古い教材で見られる「アスファルトジュート一重巻」は、現在の公開用説明では一般化しません。現行の公共建築工事仕様に沿って、外面被覆管、プライマー、防食テープやペトロラタム系防食材など、設計仕様で定めた方法として説明します。

接合・支持・地下埋設の正解施工

強欲な青木
地下なら、ねじ接続と決めてしまえば簡単ではないですか。

地盤変位、口径、管材、接合部強度、防食、保守を合わせて決めます。「地下=ねじだけ」という一律判断はできません。
消防設備士

国土交通省の公共建築工事標準仕様書は、地中埋設深さ、防食材と施工方法、寒冷地の凍結深度を示しています。消防庁の耐震研究資料は、土中埋設配管の回避、ねじ継手・溶接部の防錆、地盤変動・不等沈下への対策を示しています。

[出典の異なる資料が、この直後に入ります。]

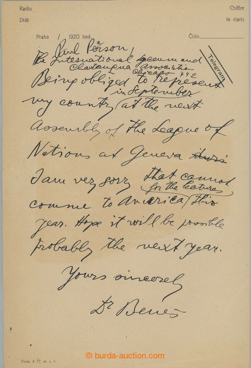 Autographs. BENES Edward (1884-1948), other Czechosl. president and foreign minister; handwritten in English written koncept telegram prezidentovi American cultural and vlivove organization Chautaugua Paulu Pearsonovi (Chicago) -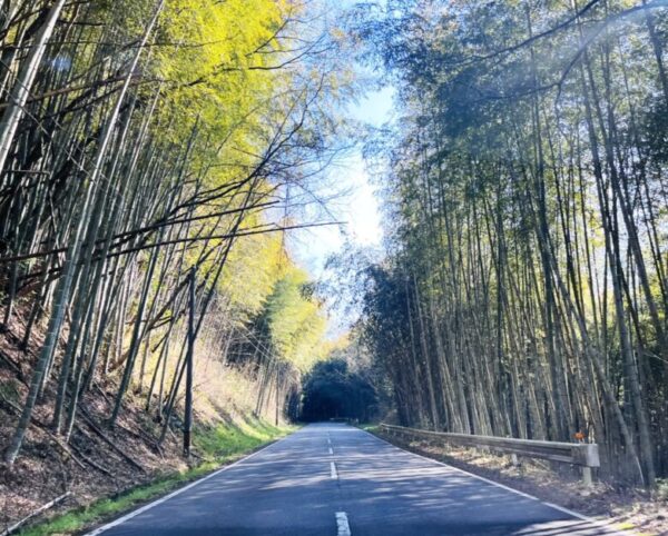 龍神様の姿をした古木が祀られている珍しい神社があると聞いて、湯前町にやってきました。自然の中を進んで神社へいきます。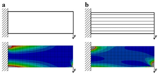 A more precise option is stress analysis. Load paths can be defined using the finite element method (FEM). However, there is no generally valid definition of load paths []. Marhadi and Venkataraman summarize some approaches using two-dimensional continuum structures as an example. A common approach is the use of topology optimization to identify highly stressed areas. These areas are then reinforced with a high strength and/or high stiffness material within the hybrid structure.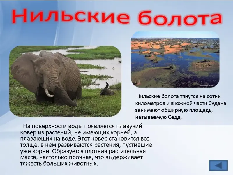 Болота. В Африке есть и переувлажненные участки, которые называют болота. Краткая характеристика болот. (15-16 слайды).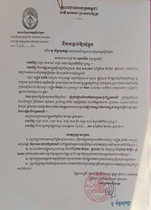 ស្ទឹងត្រែង៖ លោក នូ ច័ន្ទសុគន្ធា ចៅក្រមស៉ើបសួរ នៃសាលាដំបូងខេត្តស្ទឹងត្រែងបានចេញដីកាបង្គាប់ឲ្យឃុំខ្លួនមនុស្ស៣នាក់ ដាក់ពន្ធនាគារនៅថ្ងៃទី២៩ ខែកក្កដា ឆ្នាំ២០២១ ពាក់ព័ន្ធការលួចធ្វើអាជីវកម្មរ៉ែដោយខុសច្បាប់នៅខេត្តស្ទឹងត្រែង។

施工は「接合だけ」で決めず、支持・耐震・防食・保守まで一組で考える。

 

 

⚠よく出る注意ポイント

  1. SS400の400は硬度 → 引張強さの下限値
  2. 圧力配管用炭素鋼鋼管はSGP → STPG
  3. Sch40は肉厚40mm → 呼び厚さの区分番号
  4. エルボは同径管の直線延長 → 方向転換
  5. クロスは3本の管をY字に接続 → クロスは4方向、Yは3方向
  6. レジューサは同径管を接続 → 異径管を接続
  7. ソケットは管端を閉じる → 閉じるのはキャップ
  8. 地下埋設は必ずねじ接続 → 条件に応じて接合方法を選ぶ

 

 

✍過去問で確認しよう

この単元の収録過去問は、全部で5問です。

 

一般構造用圧延鋼材に関する次の記述のうち、文中の(ア)(イ)に当てはまる語句の組合せとして、正しいものはどれか。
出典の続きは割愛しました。